DESCRIPTION OF THE TASK: Leaving the pictures aside, reproduce the data in full and word for word.

MATERIAL SUPPLIED:
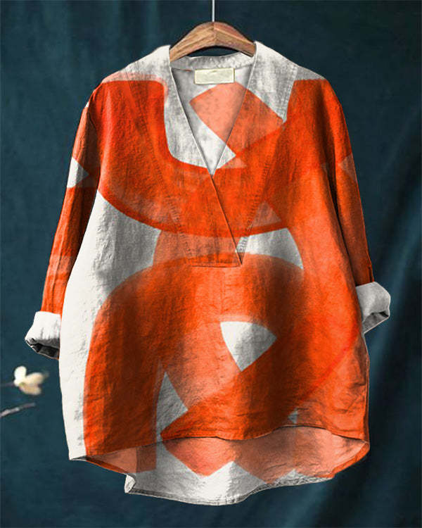Vintage Orange Abstract Art Print Loose V-Neck Cotton and Linen Shirt
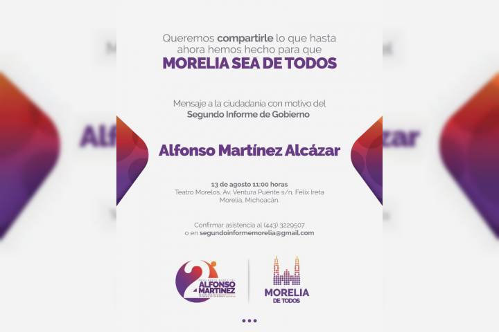 NOTICIAS 12/08/2017Alfonso Martínez invita a la ciudadanía a seguir su 2do Informe de GobiernoUn informe pormenorizado de las políticas, acciones y avances alcanzados a dos años de asumir la primera Presidencia Municipal Independiente de Morelia, rendirá el Alcalde, Alfonso Martínez Alcázar, este domingo 13 de agosto, con motivo del Segundo Informe de Gobierno.
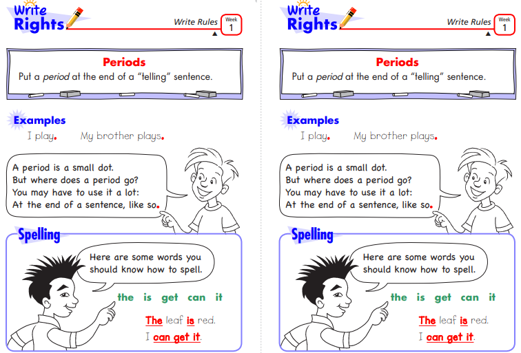 3. Khi kỹ năng mới được giới thiệu trong hoạt động ông tập, trẻ sẽ được phát phiếu quy tắc viết Write Rules. Nó có vai trò như một tờ giấy nhắc hữu ích cho trẻ hay công cụ để giáo viên/cha mẹ dạy lại những kỹ năng ngữ pháp thiết yếu tại từng cấp độ phát triển kỹ năng viết. Không nhất thiết phải phát phiếu quy tắc cho mỗi cấp độ trương từng tuần.
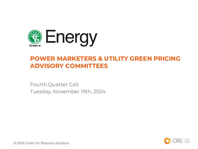 Resource Solutions o Open opportunity for participants to nominate themselves or their colleagues to represent their interests as Chair of one of the Advisory Committees o Responsibilities ▪ Quarterly Green-e Governance Board meetings ▪ Quarterly Green-e Participants Calls ▪ Engaging with participants o Nominations ▪ Send nominations to [email protected] by December 6, 2024
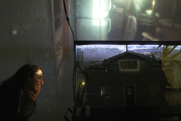 A house under water awaits the spectator to search for the struggling characters living inside the house, sharing the space with the fish. on a process of seeing and being seen.
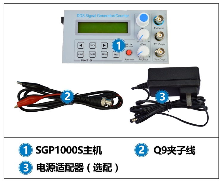 SGP1000S系列是基于直接数字合成技术(DDS)的信号发生器,采用FPGA设计,DC9V-DC36V宽电压电源供电,能够输出正弦,方波(占空比可以1%-99%调节),三角波以及锯齿波等多种函数波形,最大有效输出超越10Vpp,频率从0.01Hz-2MHz(也可选5MHz、8MHz、10MHz),分辨率为10mHz,同时具有TTL同步输出和具有计数器、60MHz频率计等多种功能于一体。具有使用方便,信号稳定度高,输出信号能够调节幅度和直流偏置,同时还具有扫频功能,支持线性扫描、对数扫描两种扫描方式,能够任意设定扫描频率范围以及扫描时间。是电子爱好者、实验室、生产线及教学、科研的理想设备,同时也可作为工业设备的配套模块使用。
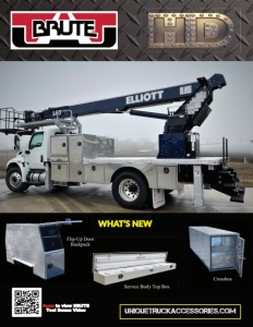 Limited Lifetime Warranty Statement: Unique Truck Accessories warrants tool box workmanship for the lifetime of the product, providing the customer, at his expense, returns the product back to Unique for workmanship repairs. After repairs, Unique will return the product, at customer expense. Powder coated products, Unique warrants the powder coating of any product for a limited time of 6 months from date of purchase, proof of purchase required. Warranty on all other products is to be free of defects in materials for a period of one year from the original purchase from Unique. This warranty covers the cost of the defective part and does not cover the cost of removal, installation or other incidental or consequential charges or damages. This warranty is void if any damage to the product is due to misuse, abuse, neglect, accident or improper installation or any other use contrary to the instructions with the product. Warranty will be prorated based on the length of time. Warranty products should be returned to Unique at the expense of the sender and a credit will be issued for the product and freight expense upon inspection of the product. Any product found to be non-defective will not receive credit and will be returned to the sender at their expense. 1000 N. Clay Street Sturgis, MI 49091 800●239●2343 UNIQUETRUCKACCESSORIES.COM Elliott L65 w/shorter wheelbase upfitted with Brute two piece Flatbed, Crossbox, Bedsafes, Torchbox, Underbodies, and Fender Skirts
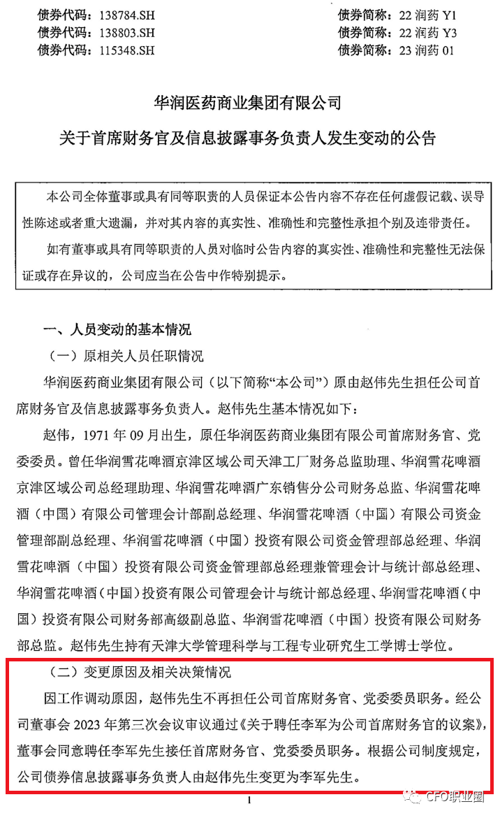 近日,华润医药商业集团发布《关于首席财务官及信息披露事务负责人发生变动的公告》。
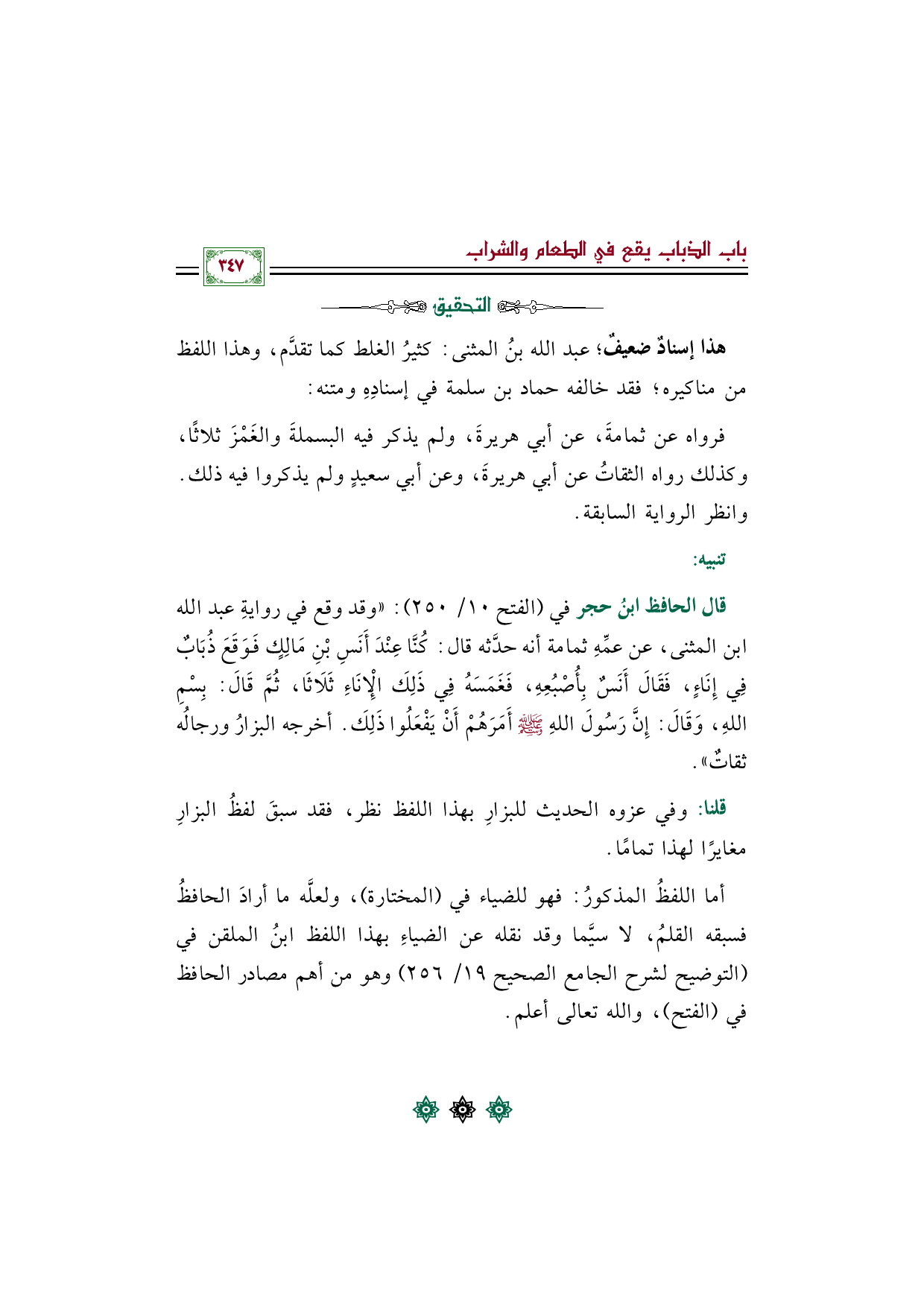 قال الحافظ ابنُ حجر في (الفتح ١٠/ ٢٥٠): ((وقد وقع في روايةِ عبد الله بن المثنى، عن عمِّهِ ثمامة أنه حدَّثه قال: كُنَّا عِنْدَ أَنَسِ بْنِ مَالِكٍ فَوَقَعَ ذُبَابٌ فِي إِنَاءٍ، فَقَالَ أَنَسٌ بِأُصْبُعِهِ، فَغَمَسَهُ فِي ذَلِكَ الْإِنَاءِ ثَلَاثَا، ثُمَّ قَالَ: بِسْمِ اللهِ، وَقَالَ: إِنَّ رَسُولَ اللهِ صلى الله عليه وسلم أَمَرَهُمْ أَنْ يَفْعَلُوا ذَلِكَ. أخرجه البزارُ ورجالُه ثقاتٌ)).

RESULT:
Vintage Orange Abstract Art Print Loose V-Neck Cotton and Linen Shirt
 NOTICIAS 12/08/2017Alfonso Martínez invita a la ciudadanía a seguir su 2do Informe de GobiernoUn informe pormenorizado de las políticas, acciones y avances alcanzados a dos años de asumir la primera Presidencia Municipal Independiente de Morelia, rendirá el Alcalde, Alfonso Martínez Alcázar, este domingo 13 de agosto, con motivo del Segundo Informe de Gobierno.
 3. Khi kỹ năng mới được giới thiệu trong hoạt động ông tập, trẻ sẽ được phát phiếu quy tắc viết Write Rules. Nó có vai trò như một tờ giấy nhắc hữu ích cho trẻ hay công cụ để giáo viên/cha mẹ dạy lại những kỹ năng ngữ pháp thiết yếu tại từng cấp độ phát triển kỹ năng viết. Không nhất thiết phải phát phiếu quy tắc cho mỗi cấp độ trương từng tuần.
 Resource Solutions o Open opportunity for participants to nominate themselves or their colleagues to represent their interests as Chair of one of the Advisory Committees o Responsibilities ▪ Quarterly Green-e Governance Board meetings ▪ Quarterly Green-e Participants Calls ▪ Engaging with participants o Nominations ▪ Send nominations to [email protected] by December 6, 2024
 A house under water awaits the spectator to search for the struggling characters living inside the house, sharing the space with the fish. on a process of seeing and being seen.
 SGP1000S系列是基于直接数字合成技术(DDS)的信号发生器,采用FPGA设计,DC9V-DC36V宽电压电源供电,能够输出正弦,方波(占空比可以1%-99%调节),三角波以及锯齿波等多种函数波形,最大有效输出超越10Vpp,频率从0.01Hz-2MHz(也可选5MHz、8MHz、10MHz),分辨率为10mHz,同时具有TTL同步输出和具有计数器、60MHz频率计等多种功能于一体。具有使用方便,信号稳定度高,输出信号能够调节幅度和直流偏置,同时还具有扫频功能,支持线性扫描、对数扫描两种扫描方式,能够任意设定扫描频率范围以及扫描时间。是电子爱好者、实验室、生产线及教学、科研的理想设备,同时也可作为工业设备的配套模块使用。
 Limited Lifetime Warranty Statement: Unique Truck Accessories warrants tool box workmanship for the lifetime of the product, providing the customer, at his expense, returns the product back to Unique for workmanship repairs. After repairs, Unique will return the product, at customer expense. Powder coated products, Unique warrants the powder coating of any product for a limited time of 6 months from date of purchase, proof of purchase required. Warranty on all other products is to be free of defects in materials for a period of one year from the original purchase from Unique. This warranty covers the cost of the defective part and does not cover the cost of removal, installation or other incidental or consequential charges or damages. This warranty is void if any damage to the product is due to misuse, abuse, neglect, accident or improper installation or any other use contrary to the instructions with the product. Warranty will be prorated based on the length of time. Warranty products should be returned to Unique at the expense of the sender and a credit will be issued for the product and freight expense upon inspection of the product. Any product found to be non-defective will not receive credit and will be returned to the sender at their expense. 1000 N. Clay Street Sturgis, MI 49091 800●239●2343 UNIQUETRUCKACCESSORIES.COM Elliott L65 w/shorter wheelbase upfitted with Brute two piece Flatbed, Crossbox, Bedsafes, Torchbox, Underbodies, and Fender Skirts
 近日,华润医药商业集团发布《关于首席财务官及信息披露事务负责人发生变动的公告》。
 قال الحافظ ابنُ حجر في (الفتح ١٠/ ٢٥٠): ((وقد وقع في روايةِ عبد الله بن المثنى، عن عمِّهِ ثمامة أنه حدَّثه قال: كُنَّا عِنْدَ أَنَسِ بْنِ مَالِكٍ فَوَقَعَ ذُبَابٌ فِي إِنَاءٍ، فَقَالَ أَنَسٌ بِأُصْبُعِهِ، فَغَمَسَهُ فِي ذَلِكَ الْإِنَاءِ ثَلَاثَا، ثُمَّ قَالَ: بِسْمِ اللهِ، وَقَالَ: إِنَّ رَسُولَ اللهِ صلى الله عليه وسلم أَمَرَهُمْ أَنْ يَفْعَلُوا ذَلِكَ. أخرجه البزارُ ورجالُه ثقاتٌ)).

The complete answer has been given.